このタイプのみなさんそうだと思うが、調べれば調べるほど訳がわからなくなってくる。
そりゃそうだ。だって、死んであの世を見て帰ってきた人がいないのだから、ほんとのところがわからない。
臨死体験をした人がいるけれど、人間は生命の危機に瀕するような状況になると脳内麻薬なるものが出るということで、苦痛を感じないメカニズムになっているようだから、ほんとに花畑のようなところを見たのか、ただの幻影かがはっきりしない。
やっぱり、イタコに頼むしかないのか?
科学で割り切れないのなら、私はもうそっちへ行くよ。っていうか、完全にそっちを信じられたら、それはそれで儲けものだ。
おっと、話がきりのないところへ行くところだった。
そうではなくて、その前、まだ命のある六ヶ月間の話でした。
やるべきことは山のようにあるのに違いないが、死を達観出来ていない人にとって一番厄介なのは、なんといっても自分を納得させることだろう。
私もじたばたするのだろうなあ。トホホ。
実際に、余命六ヶ月を宣告されて、この本を買うことが出来るのは、その段階をある程度超えることの出来た人なのだろう。
本屋で、今差し迫っているわけでもないのに、この本買ったら「呼ぶ」んではないか、と迷ったが、それでも買うことにしたのは、ほんとにそういう状況になったときには、私にはとてもその勇気が出ないかもしれない、と思ったからである。
レジで「この人、この本が必要な状況なのか」と緊張されても困るから、もう一冊とんでもなく柔らかい本も買うことにしたりして、本を買うのにこんなに苦労するのは初めてだ。

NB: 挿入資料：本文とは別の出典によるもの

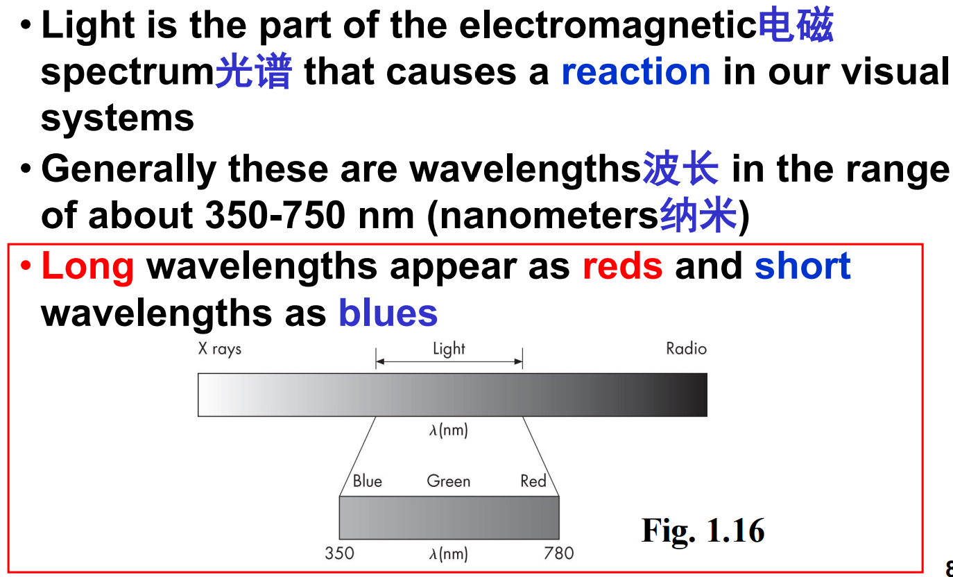 6、人类视觉系统有两种类型的传感器:①杆状细胞(Rods)是单色的,负责夜视;②圆锥细胞(Cones)对颜色敏感,只有三种类型的锥体,对应只有三色值被发送到大脑——只需匹配这三个值。

「本にカバーをお掛けしますか?」・・・・当たり前だっつーの!タイトル見たんでしょ!電車でこの本読んでたらみんなドン退きだよ。
「○○ポイント貯まっておりますが、お使いになりますか?」
・・・・ポイントかあ。私がほんとにそうだったら、ここでポイント使っちゃうのも負けた気がするしなあ・・・・・・、あっ、おいおい、客がこういう本レジに出して、お兄さん、それ、聞ける?
ほんとにマニュアル通りだね!
緊張させては気の毒と思って損したよ!
ああ、こんな些細なことで懊悩するのだ。
ほんとに「その時」がきたら、この類の本を買うのはチェーン店はやめにしよう。
営業スマイルは私の心をささくれ立たせるに違いない。
それから、馴染みの本屋はパス。
行きずりの本屋で、酸いも甘いも噛み分けたような顔のおじいさんが座っているところに限る。
ばあさんは駄目だ。顔に、気持ちが出ても困る。
きっと、同情されたくない。
やっぱり、今回、宣告受ける前に買うことにして良かった。
さらに、土俵際で本気で読むのではなく、平常心で読むことが出来るのは、ますます良かった。

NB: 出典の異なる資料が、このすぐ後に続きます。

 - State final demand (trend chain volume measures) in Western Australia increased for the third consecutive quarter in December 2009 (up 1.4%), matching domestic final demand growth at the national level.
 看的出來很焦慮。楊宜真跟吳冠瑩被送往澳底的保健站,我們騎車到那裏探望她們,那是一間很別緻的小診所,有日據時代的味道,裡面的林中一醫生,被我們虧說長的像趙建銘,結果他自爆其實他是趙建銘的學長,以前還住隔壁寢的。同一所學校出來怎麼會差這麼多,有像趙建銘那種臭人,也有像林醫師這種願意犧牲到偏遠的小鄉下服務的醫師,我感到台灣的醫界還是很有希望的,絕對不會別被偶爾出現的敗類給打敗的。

・・・実は、15日、誕生日がきてひとつ年をとりました。
もう、折り返しを(とっくに)過ぎました。
癌年齢の大海を泳ぎまくってます。真面目に備えておくのも悪くないと思います。
今年の、誕生日を、とりあえず無事に迎えることが出来ました。
お母さん、ありがとう。そして、みなさん、ありがとう。